Updating user facing documentation with storage use cases.
Problem / Opportunity Statement
We offer several kinds of storage:
- Block devices (a.k.a. Cinder volumes, virtual hard drives)
- Images (a.k.a. Glance)
- Object storage (a.k.a. buckets)
- Both fast (NVMe) and slow (spinning rust)
- Exposed via RADOS, Swift, or S3 semantics
- Shared filesystems (a.k.a. Manila, CephFS)
They differ on axes of, e.g.,:
- Ease (and self-service-ness) of getting started using
- Performance (Throughput, IOPS)
- Capacity (for PB-scale storage allocations)
- Tolerance for many small files
- Ability to access from multiple processes/instances at the same time
- Support for locking (prevent multiple processes from overwriting the same location)

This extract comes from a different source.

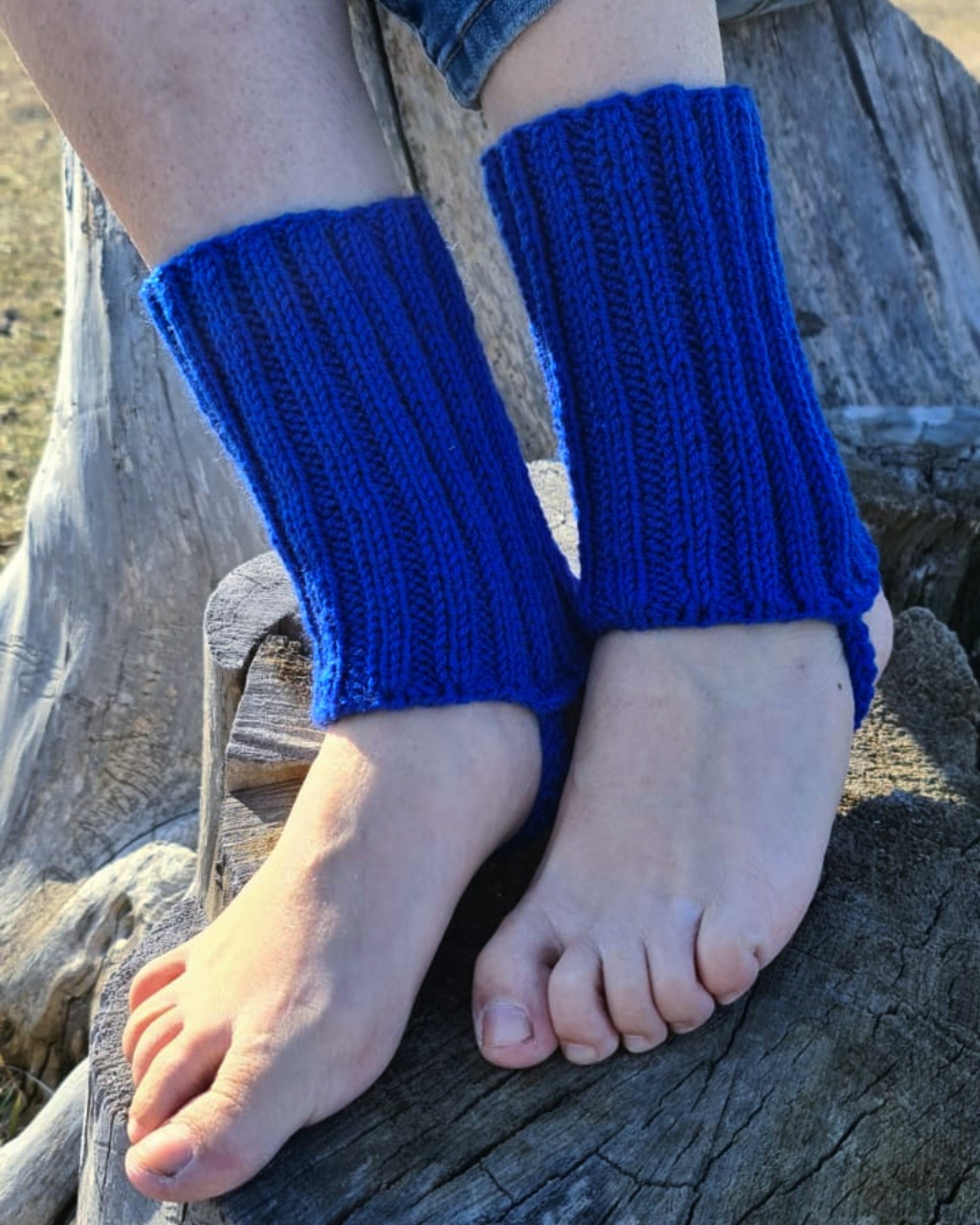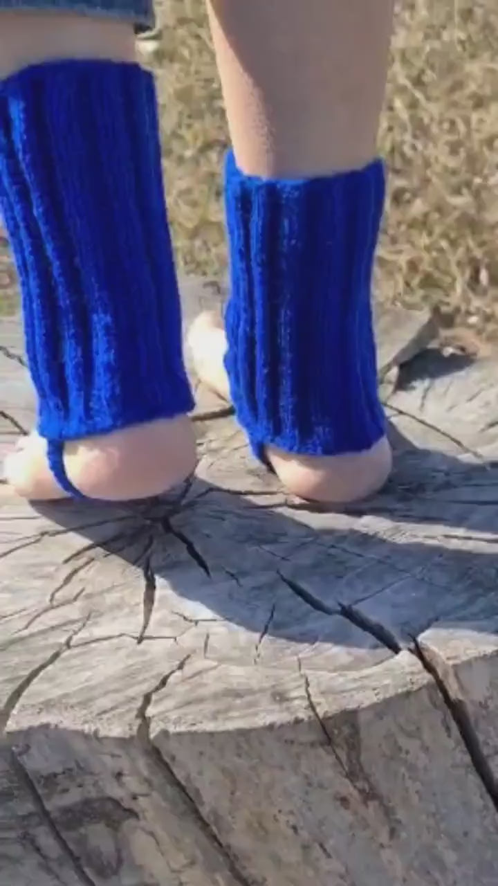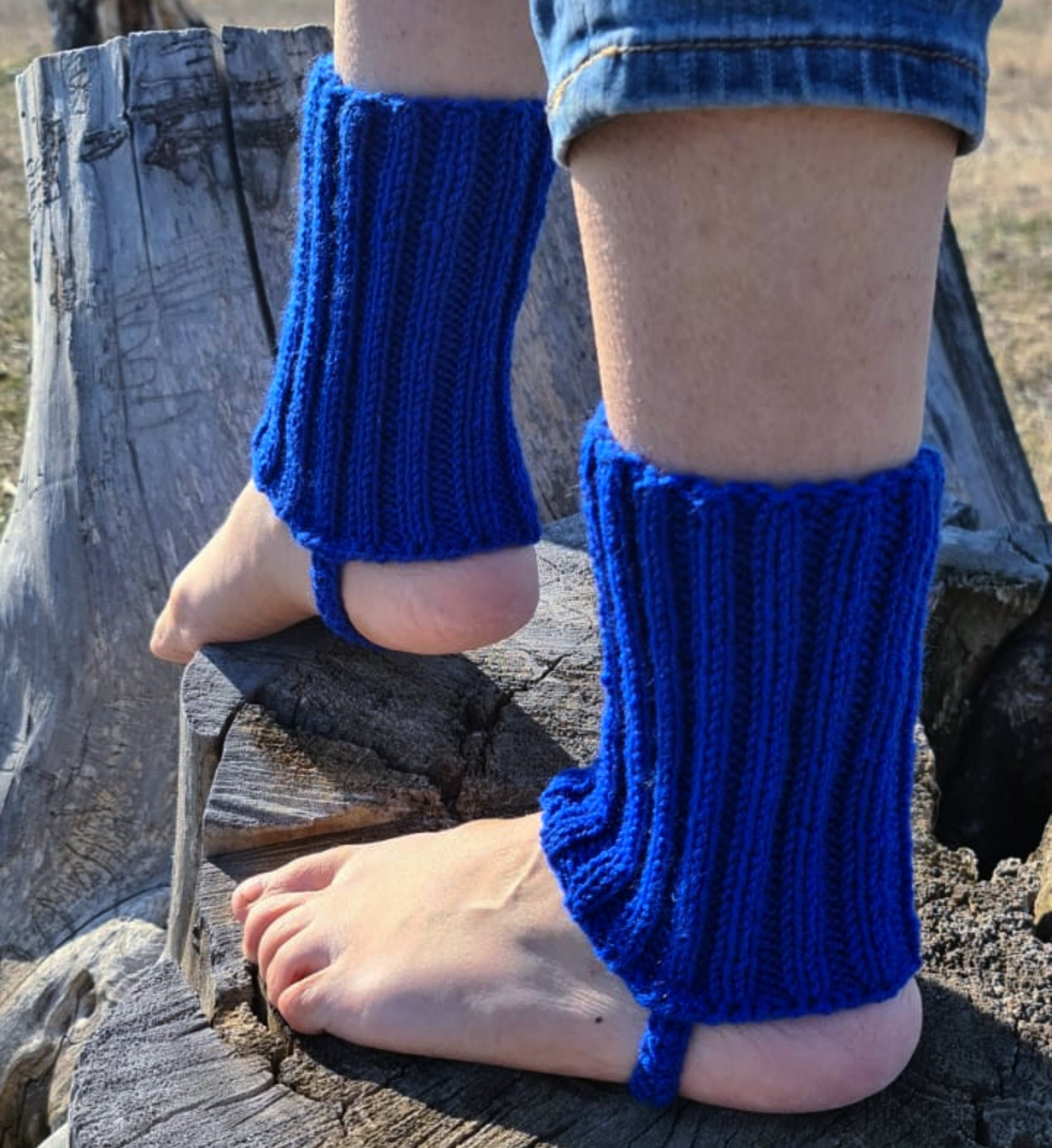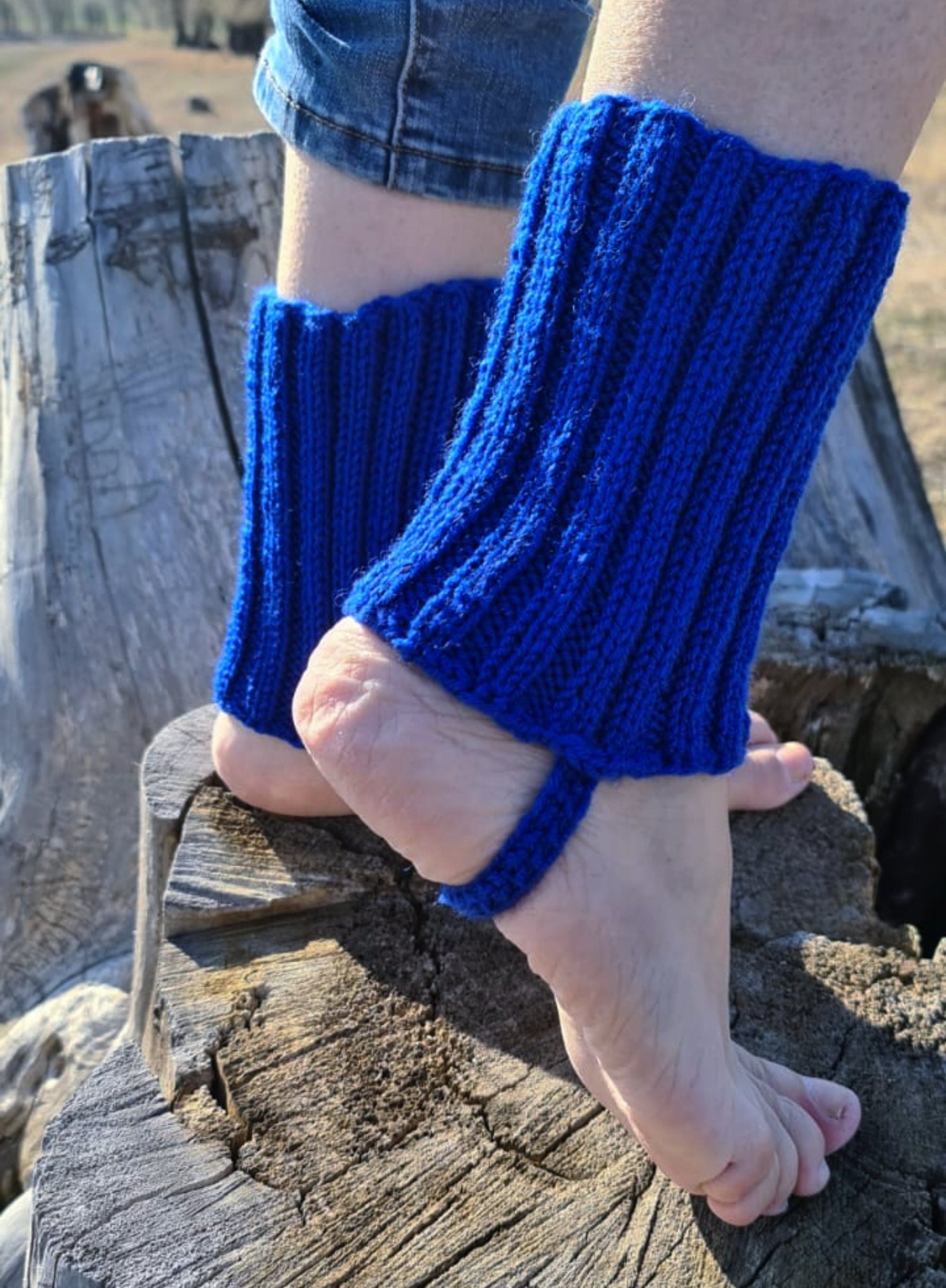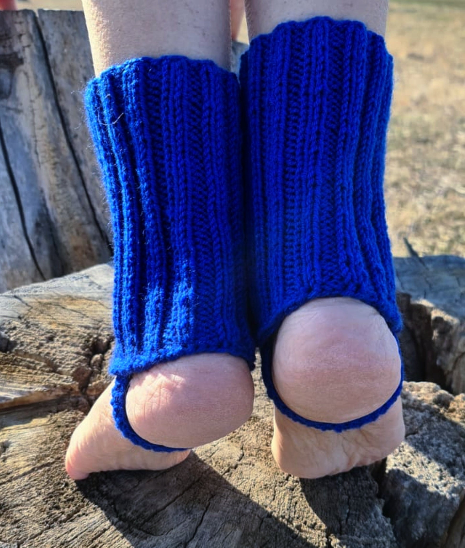 Blue stirrup ankle warmers, Knitted pedicure socks

- Ease of sharing (and there are several kinds of sharing)
- How to implement access controls
- Ability to boot an instance from it
But our documentation doesn't really talk about this. So it's unclear how community members would weigh tradeoffs and make informed choices.
Resolution
We should create a user facing document (or update https://docs.jetstream-cloud.org/general/storage/) that shows and explains which type of storage is best suited for which need.
Maybe a pro/con list with manila, volume backed storage, radosgateway with examples of users who datasets best fit each use case.
Multiple audiences for this information:
- New users just getting started (who won't want to be troubled with the technical implementation details, only know how to choose)
- Technically sophisticated users (who do want to understand the technical implementation details, e.g. that Manila uses CephFS with metadata servers)
Edited by Chris Martin